§ **Work to complete**
Lines below starting with the line with "もう、一時間に2kmしか進ま" and going on through the line with "继续6档搅拌8分钟,直到可以" must be output exactly; the rest of the records must be left out.

§ **Available records**
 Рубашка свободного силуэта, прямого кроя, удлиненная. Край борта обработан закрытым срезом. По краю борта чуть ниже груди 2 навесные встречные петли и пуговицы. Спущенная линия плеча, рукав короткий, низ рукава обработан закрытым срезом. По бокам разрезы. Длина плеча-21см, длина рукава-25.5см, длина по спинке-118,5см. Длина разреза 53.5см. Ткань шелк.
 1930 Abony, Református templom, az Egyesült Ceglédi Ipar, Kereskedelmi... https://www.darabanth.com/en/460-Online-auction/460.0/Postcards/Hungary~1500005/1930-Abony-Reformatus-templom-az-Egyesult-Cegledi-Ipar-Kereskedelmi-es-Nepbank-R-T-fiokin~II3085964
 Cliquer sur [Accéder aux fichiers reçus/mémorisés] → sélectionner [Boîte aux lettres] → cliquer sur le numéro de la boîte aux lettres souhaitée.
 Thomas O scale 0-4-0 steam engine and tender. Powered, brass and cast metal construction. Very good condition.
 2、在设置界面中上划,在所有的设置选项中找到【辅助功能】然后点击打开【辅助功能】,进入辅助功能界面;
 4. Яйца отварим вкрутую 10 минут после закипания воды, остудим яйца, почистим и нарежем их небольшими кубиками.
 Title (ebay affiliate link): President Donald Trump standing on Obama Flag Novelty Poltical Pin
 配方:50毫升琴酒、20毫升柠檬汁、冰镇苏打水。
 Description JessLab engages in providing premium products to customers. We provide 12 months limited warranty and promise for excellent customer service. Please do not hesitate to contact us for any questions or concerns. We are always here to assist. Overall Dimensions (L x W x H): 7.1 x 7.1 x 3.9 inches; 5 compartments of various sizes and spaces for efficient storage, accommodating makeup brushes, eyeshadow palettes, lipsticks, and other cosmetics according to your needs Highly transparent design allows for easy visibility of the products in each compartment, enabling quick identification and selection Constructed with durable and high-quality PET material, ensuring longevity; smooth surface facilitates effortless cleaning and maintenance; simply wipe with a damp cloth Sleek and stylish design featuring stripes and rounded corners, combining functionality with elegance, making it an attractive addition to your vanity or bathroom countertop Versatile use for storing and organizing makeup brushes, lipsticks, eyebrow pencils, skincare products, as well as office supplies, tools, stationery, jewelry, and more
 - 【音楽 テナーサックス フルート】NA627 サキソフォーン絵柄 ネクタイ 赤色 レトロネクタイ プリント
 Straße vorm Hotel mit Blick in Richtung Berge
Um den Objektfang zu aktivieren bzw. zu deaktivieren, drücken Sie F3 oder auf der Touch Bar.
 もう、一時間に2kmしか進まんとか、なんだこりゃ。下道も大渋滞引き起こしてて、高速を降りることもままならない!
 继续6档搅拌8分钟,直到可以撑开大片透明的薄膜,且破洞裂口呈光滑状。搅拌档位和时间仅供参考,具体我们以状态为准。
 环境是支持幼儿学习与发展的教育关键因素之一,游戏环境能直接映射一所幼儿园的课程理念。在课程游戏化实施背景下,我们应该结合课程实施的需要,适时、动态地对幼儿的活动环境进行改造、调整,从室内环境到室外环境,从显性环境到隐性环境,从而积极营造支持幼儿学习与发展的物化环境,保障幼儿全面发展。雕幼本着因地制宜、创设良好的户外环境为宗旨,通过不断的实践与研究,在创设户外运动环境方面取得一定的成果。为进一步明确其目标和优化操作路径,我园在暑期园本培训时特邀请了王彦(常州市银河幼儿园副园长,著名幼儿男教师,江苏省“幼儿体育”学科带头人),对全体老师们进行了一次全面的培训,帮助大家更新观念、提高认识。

§ **Task answer**
 もう、一時間に2kmしか進まんとか、なんだこりゃ。下道も大渋滞引き起こしてて、高速を降りることもままならない!
 继续6档搅拌8分钟,直到可以撑开大片透明的薄膜,且破洞裂口呈光滑状。搅拌档位和时间仅供参考,具体我们以状态为准。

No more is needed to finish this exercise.